[Data shown]
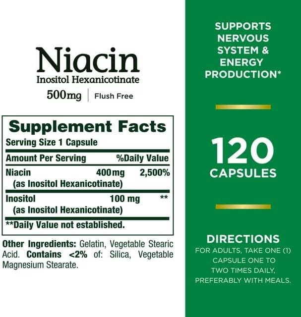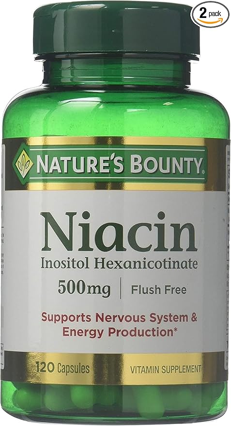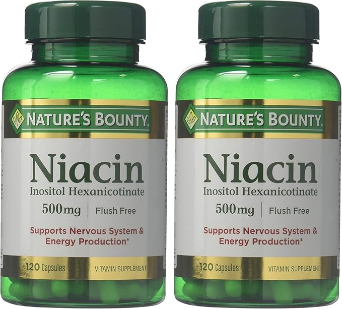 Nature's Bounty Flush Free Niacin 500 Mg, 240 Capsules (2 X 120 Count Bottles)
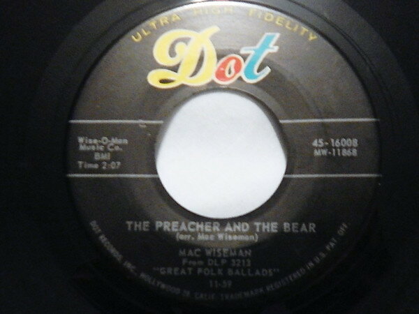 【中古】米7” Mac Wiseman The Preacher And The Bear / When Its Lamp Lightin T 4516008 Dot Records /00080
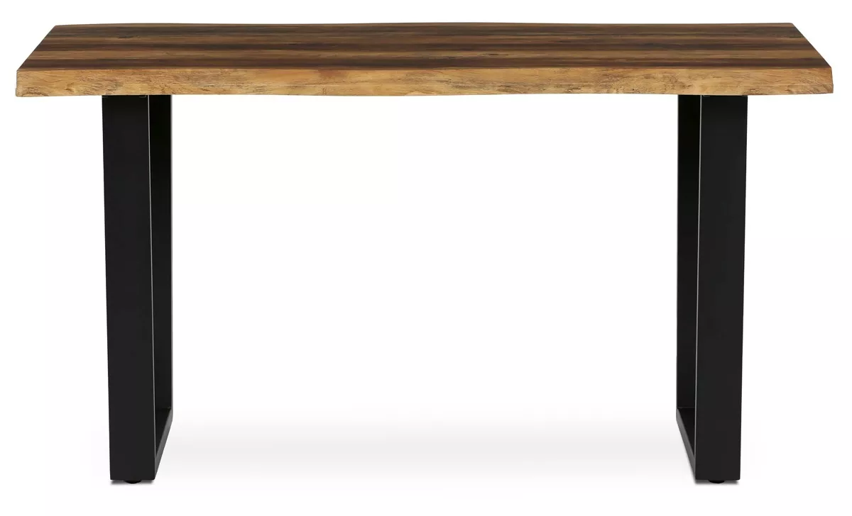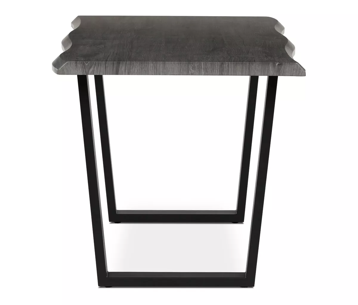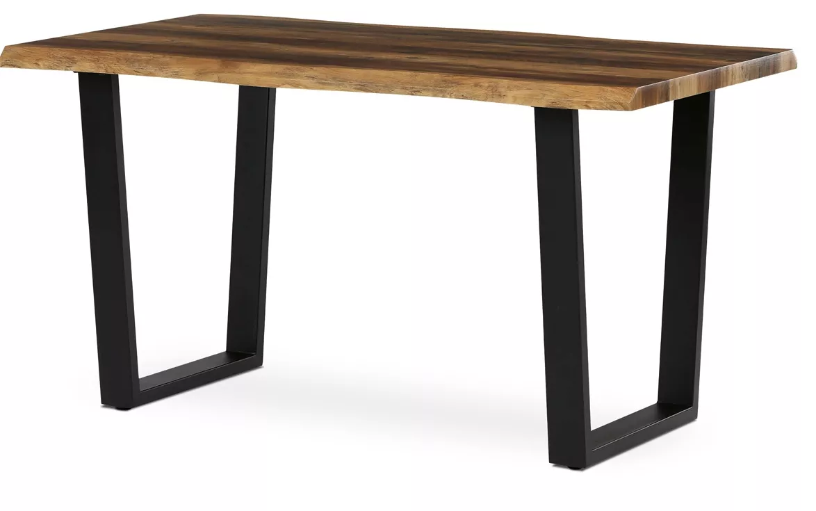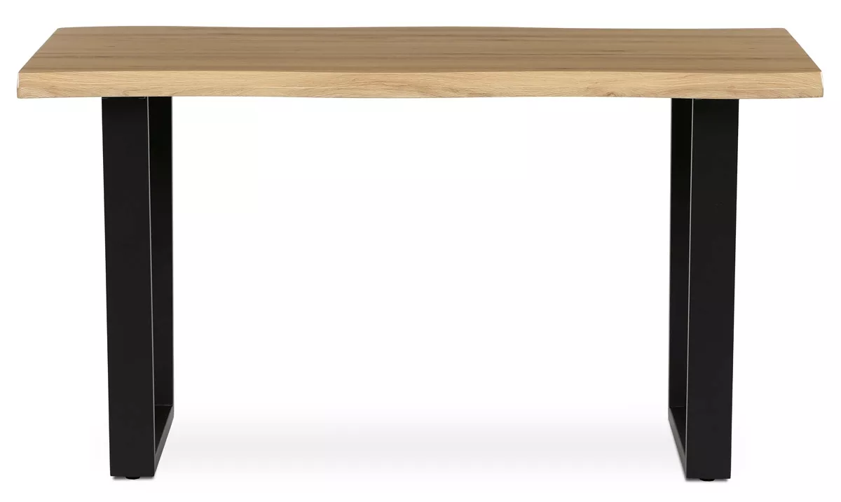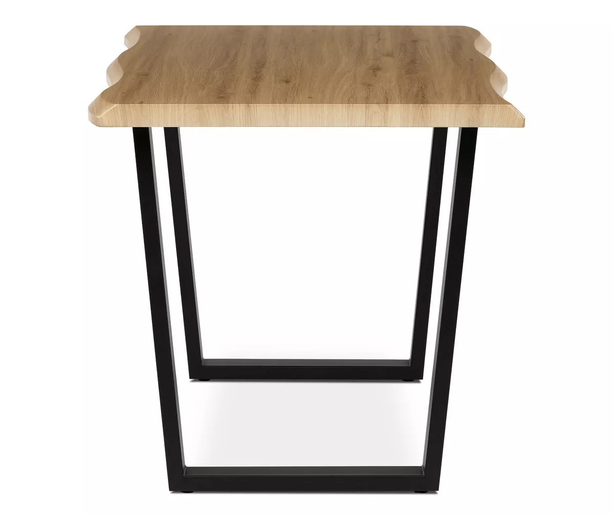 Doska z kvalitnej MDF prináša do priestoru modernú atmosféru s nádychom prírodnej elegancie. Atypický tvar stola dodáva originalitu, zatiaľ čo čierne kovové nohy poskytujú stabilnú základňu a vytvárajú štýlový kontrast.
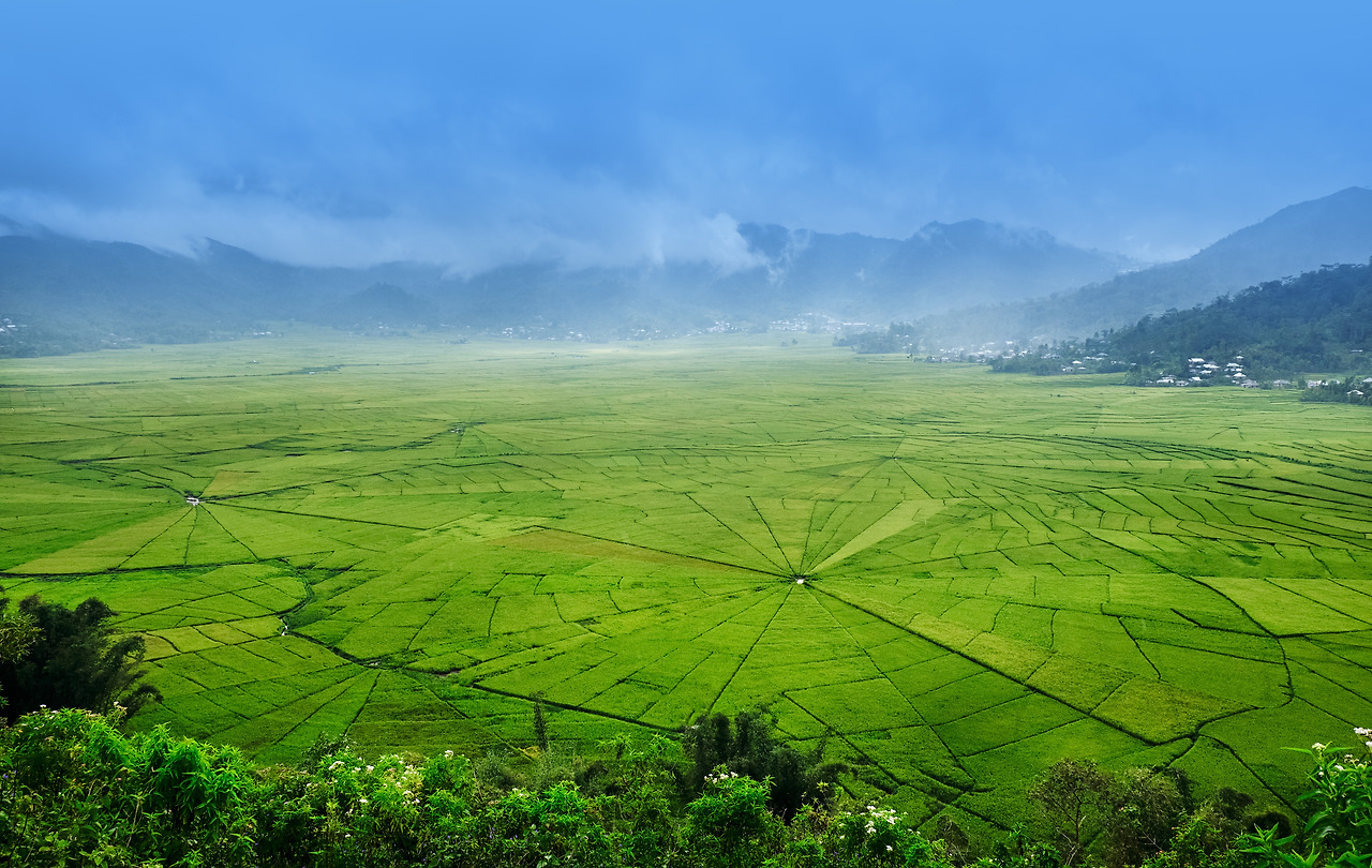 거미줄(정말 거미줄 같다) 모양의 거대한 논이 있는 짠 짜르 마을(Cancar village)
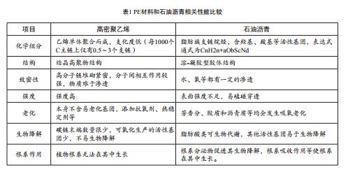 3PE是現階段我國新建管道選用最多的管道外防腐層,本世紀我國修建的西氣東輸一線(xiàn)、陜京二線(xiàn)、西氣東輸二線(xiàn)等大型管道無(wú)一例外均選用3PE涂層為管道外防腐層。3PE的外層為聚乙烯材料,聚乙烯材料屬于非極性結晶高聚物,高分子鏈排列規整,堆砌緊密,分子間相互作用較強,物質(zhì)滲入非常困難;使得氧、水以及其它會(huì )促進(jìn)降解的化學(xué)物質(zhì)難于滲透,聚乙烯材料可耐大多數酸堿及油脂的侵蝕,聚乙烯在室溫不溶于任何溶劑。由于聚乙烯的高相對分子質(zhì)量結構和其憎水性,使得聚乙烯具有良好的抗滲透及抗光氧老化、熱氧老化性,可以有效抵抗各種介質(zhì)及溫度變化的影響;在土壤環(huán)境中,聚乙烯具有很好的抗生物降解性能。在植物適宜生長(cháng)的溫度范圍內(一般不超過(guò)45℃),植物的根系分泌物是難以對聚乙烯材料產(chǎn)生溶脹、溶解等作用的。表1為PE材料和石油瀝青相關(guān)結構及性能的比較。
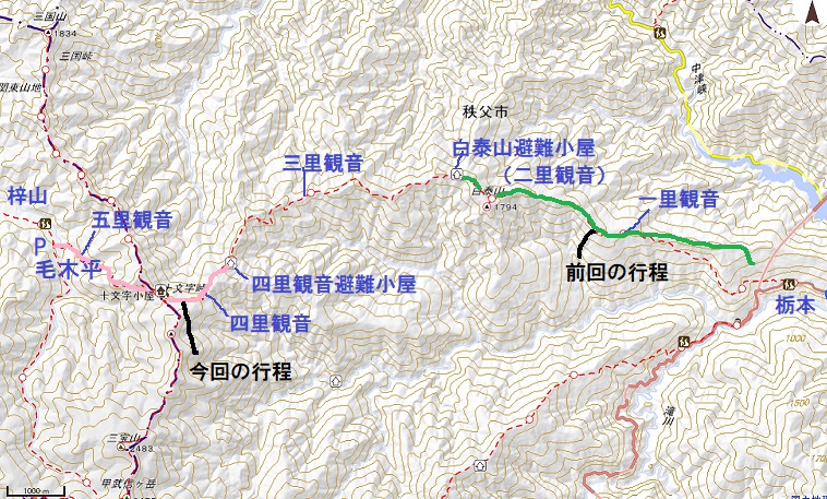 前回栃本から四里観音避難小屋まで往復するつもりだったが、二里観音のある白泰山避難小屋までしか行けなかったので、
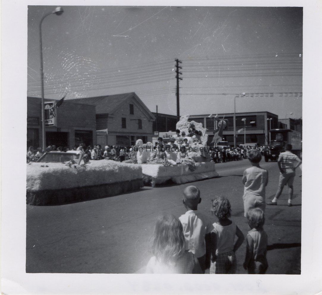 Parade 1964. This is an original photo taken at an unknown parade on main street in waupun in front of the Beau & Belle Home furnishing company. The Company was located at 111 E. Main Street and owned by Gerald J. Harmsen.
[/Data shown]
> [Description of the task]
Copy exactly the lines from the line that holds "前回栃本から四里観音避難小屋" to the end of the listing, both included. Leave the pictures out.

> [Solution to this exercise]
 前回栃本から四里観音避難小屋まで往復するつもりだったが、二里観音のある白泰山避難小屋までしか行けなかったので、
 Parade 1964. This is an original photo taken at an unknown parade on main street in waupun in front of the Beau & Belle Home furnishing company. The Company was located at 111 E. Main Street and owned by Gerald J. Harmsen.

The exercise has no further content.